Fischerspooner

Guvernment, Toronto ON - April 8, 2003

BY Stuart GreenPublished May 1, 2003

If electroclash truly has passed on then the Fischerspooner touring live show is surely the movement's funeral dirge. When Warren Fischer (the "musician") and Casey Spooner (the "singer") stage their live shows in New York, they are reported to cost in the tens, possibly hundreds, of thousands of dollars in sets, costumes and performers (imagine Moulin Rouge with Kraftwerk as the house band). But the version that marked the duo's Canadian debut barely resembled the spectacle of sight and sound they are known for. If the New York Fischerspooner shows are the Broadway theatre of electroclash, this was a bad high school production.
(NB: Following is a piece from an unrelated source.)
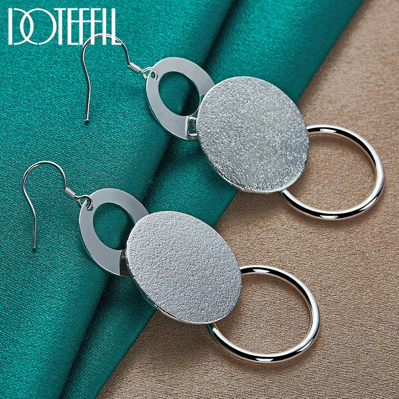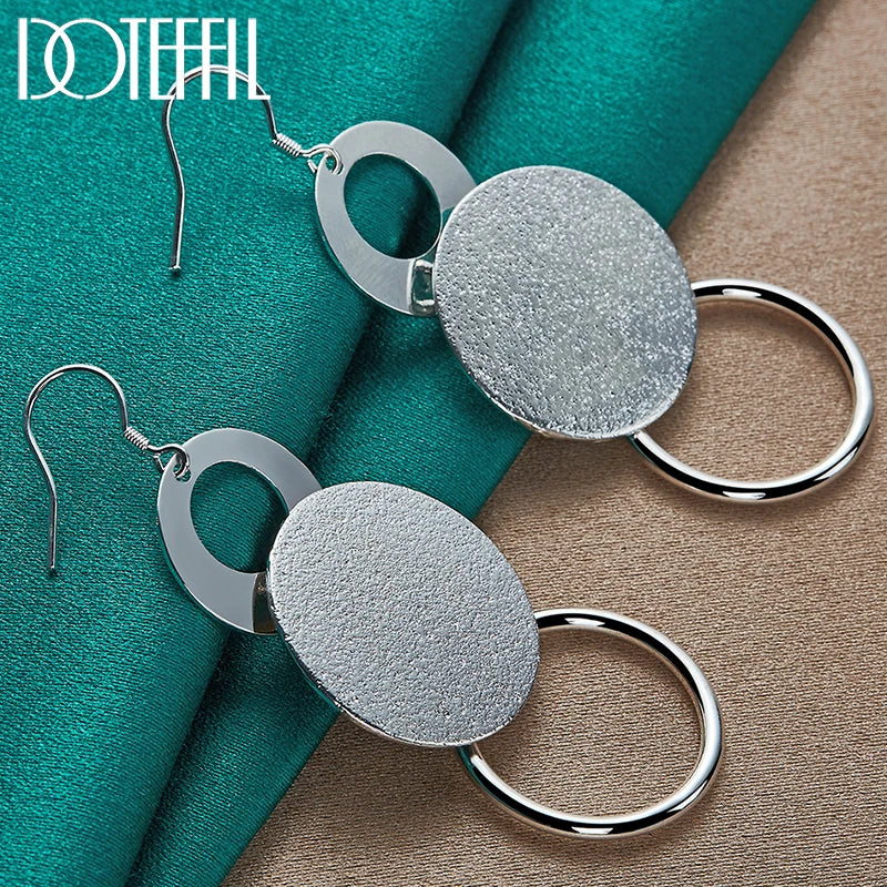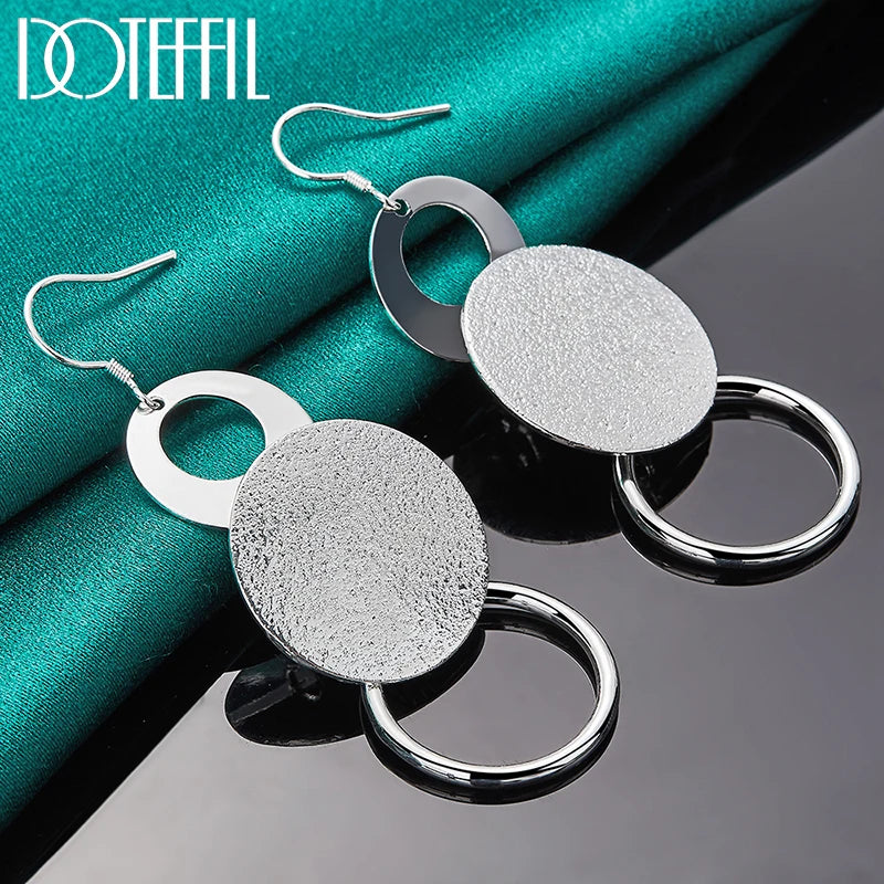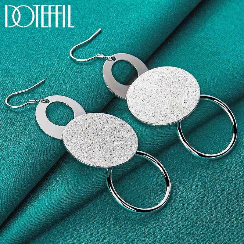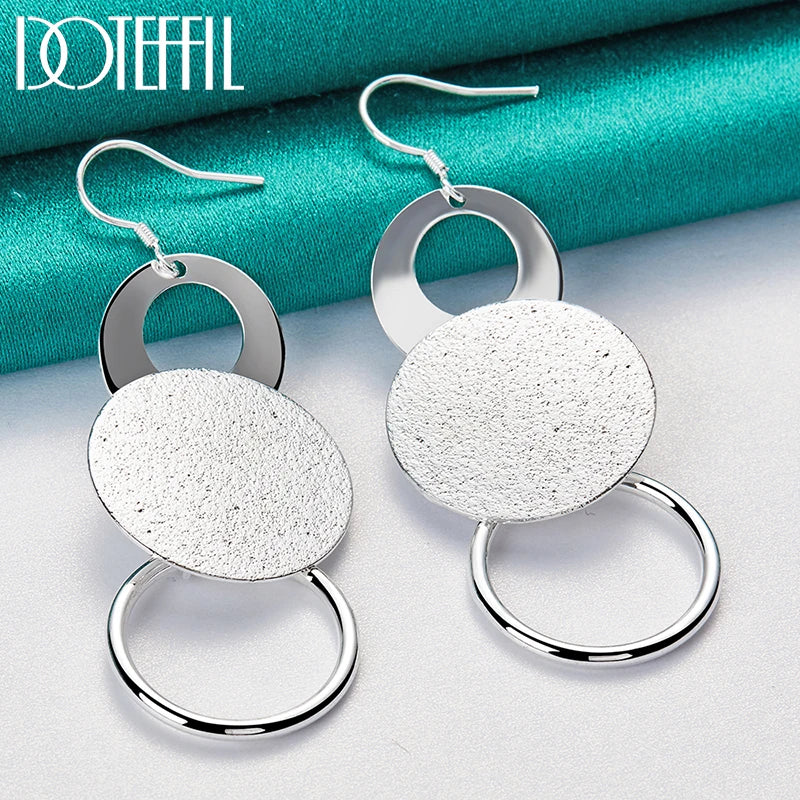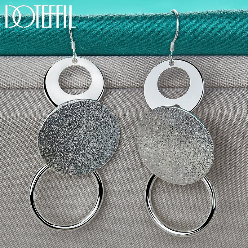 925 Silver Three Circle Matte Drop Earrings Women Party Gift
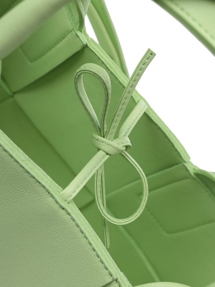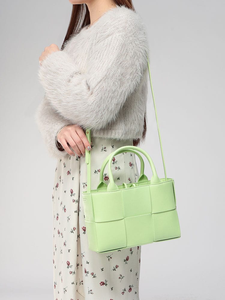 洗練された構造美、ミニマルなアルコ トート。BOTTEGA VENETAが誇るイントレチャートの技術を、構築的なフォルムに落とし込んだミニ アルコ トート。極上のしなやかなレザーで丁寧に編み込まれたテクスチャーは、タイムレスな美しさを放ち、持つ人の優雅な品格を際立たせます。コンパクトながらも、マチのあるデザインで収納力も確保。開口部はオープンで荷物の出し入れがスムーズ。さらに、同素材のポーチが付属し、実用性にも優れます。ショルダーバッグとして軽快に、メゾンの哲学を纏う大人のための逸品です。

By their own admission, the duo is hell-bent on taking the piss out of the music industry (apparently by destroying it one label at a time) and their stripped-down live show is proof that they would love dearly to be the next Sigue Sigue Sputnik. Appearing on stage surrounded by a quintet of Robert Palmer video rejects and two female back-up singers, Casey Spooner lip-synced (very badly) to most of the songs off their lone #1 disc. Warren Fischer also made the odd appearance, as either a verbal abuse whipping boy for Spooner's displeasure with the sequencing of the songs or to spastically jerk about and spew fake blood, à la Gene Simmons. Between tracks, Spooner openly showed that he was either a complete idiot for forgetting where he should be standing (assuming he was really high and couldn't get his stage cues straight) or a mastermind of ironic audience manipulation (assuming the fuck-ups were all part of the act). Either way, it was neither amusing nor entertaining. Then again, maybe that was the point. As a demonstration of how desperate they were for audience approval, they closed the 50-minute set with the single "Emerge" and proceeded to offer it up again five minutes later as an encore. Strictly amateur.